3462-En prison, Boualem Sansal fait tomber les masques
En prison, Boualem Sansal fait tomber les masques
Les écrivains ne sont pas tous des saints, loin de là. Alors qu’on
commémore en ce lundi 27 janvier le 80e anniversaire de la
libération des camps nazis où furent gazés des millions de
Juifs mais aussi des Tziganes ou des « déviants », comment
ne pas rappeler que le talent et le style n’excusent pas l’infamie, celle
des tirades antisémites, suintantes d’aigreur, de Céline ou Brasillach,
appels au pogrom rédigés noir sur blanc ?
En février 1945, François Mauriac, pas seulement lui, plaida la cause
de Brasillach au prétexte qu’une tête pensante ne doit pas tomber.
De Gaulle refusa, répondant qu’un intellectuel est plus responsable
qu’un autre. Idem pour un élu du peuple.
Boualem Sansal ne réclame la mort de personne. Il est pourtant incarcéré
depuis la mi-novembre dans son pays d’origine, l’Algérie, où il
vivait toujours malgré la férocité de ses flèches envers les caïds d’un
régime en dérive autocratique et sa dénonciation, non moins virulente,
de l’islamisme. Sans haine, avec humour. Jeudi dernier, à une
très large majorité, le Parlement européen a demandé la libération
de l’écrivain, naturalisé français en 2024. Le groupe des Insoumis s’est
déshonoré en s’abstenant ou en votant contre.
Rima Hassan, qui, comme un mur, renvoie tout à sa cause palestinienne,
justifie son bulletin négatif en invoquant l’instrumentalisation
de Boualem Sansal par l’extrême droite. On connaît en effet sa politique
culturelle arbitraire dans les mairies qu’elle dirige et elle doit
trouver bien commode un Algérien hostile à l’islam.
Et alors ? Quand on requiert la liberté pour un écrivain qui
n’utilise aucune autre arme que sa plume, faut-il regarder la
signature du voisin ? En leur temps, des Français de gauche,
moins sectaires, exigèrent avec des anticommunistes la sortie
du goulag de Soljenitsyne, qui n’était pas progressiste
pour un rouble et dont le seul crime, avant
Sansal, était de pourfendre et déranger une dictature.
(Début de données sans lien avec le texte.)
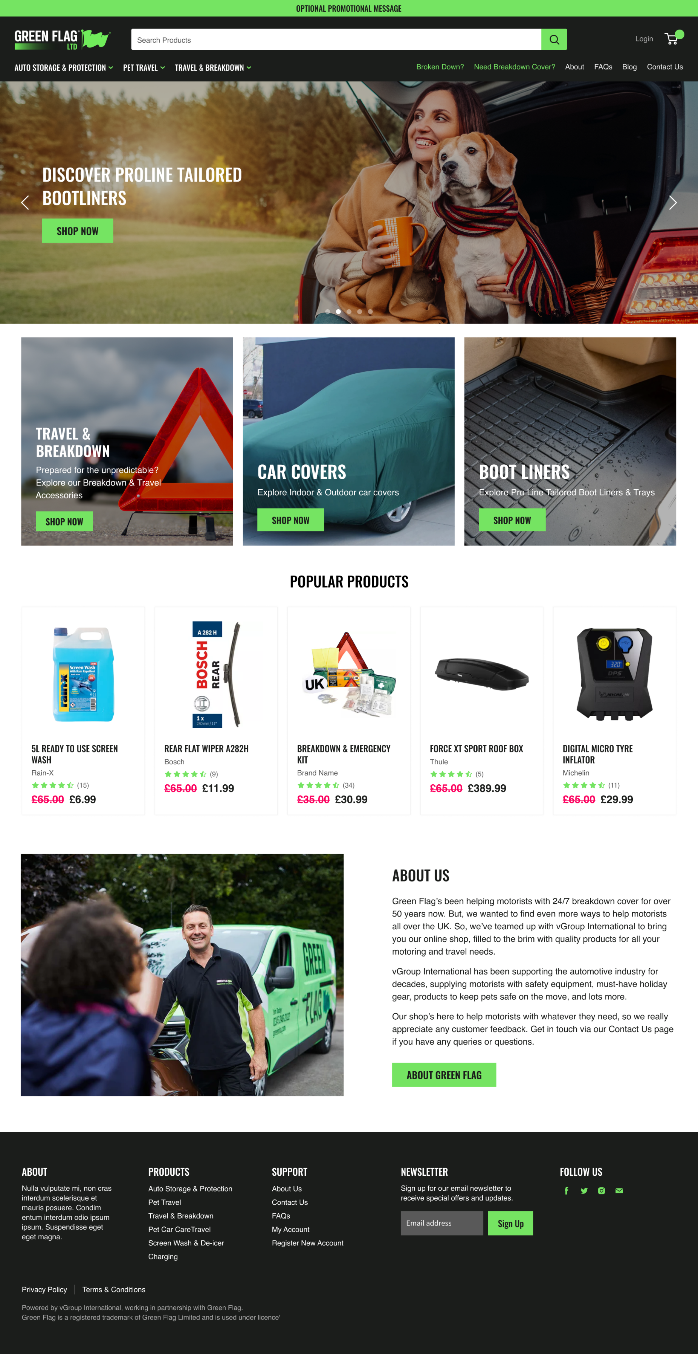 Breakdown cover providers Green Flag wanted to establish an online store, to support a new ecommerce opportunity for the brand. Due to the competitive nature of the market, the client needed a platform that could be delivered quickly to start competing instantly.

Ce n’est pas parce qu’il est âgé et malade que Sansal doit être libre,
même si ces circonstances aggravent l’iniquité de sa détention. Auraitil
40 ans et une santé d’acier, il n’a rien à faire dans une geôle, otage de
surcroît d’une crise diplomatique franco-algérienne. En s’agenouillant
devant un absolutisme qui pratique la fuite en avant, le parti mélenchoniste
a trahi la France de Cyrano, de Voltaire, des Lumières, de Zola
et de Camus. Boualem Sansal est cent fois plus insoumis que lui.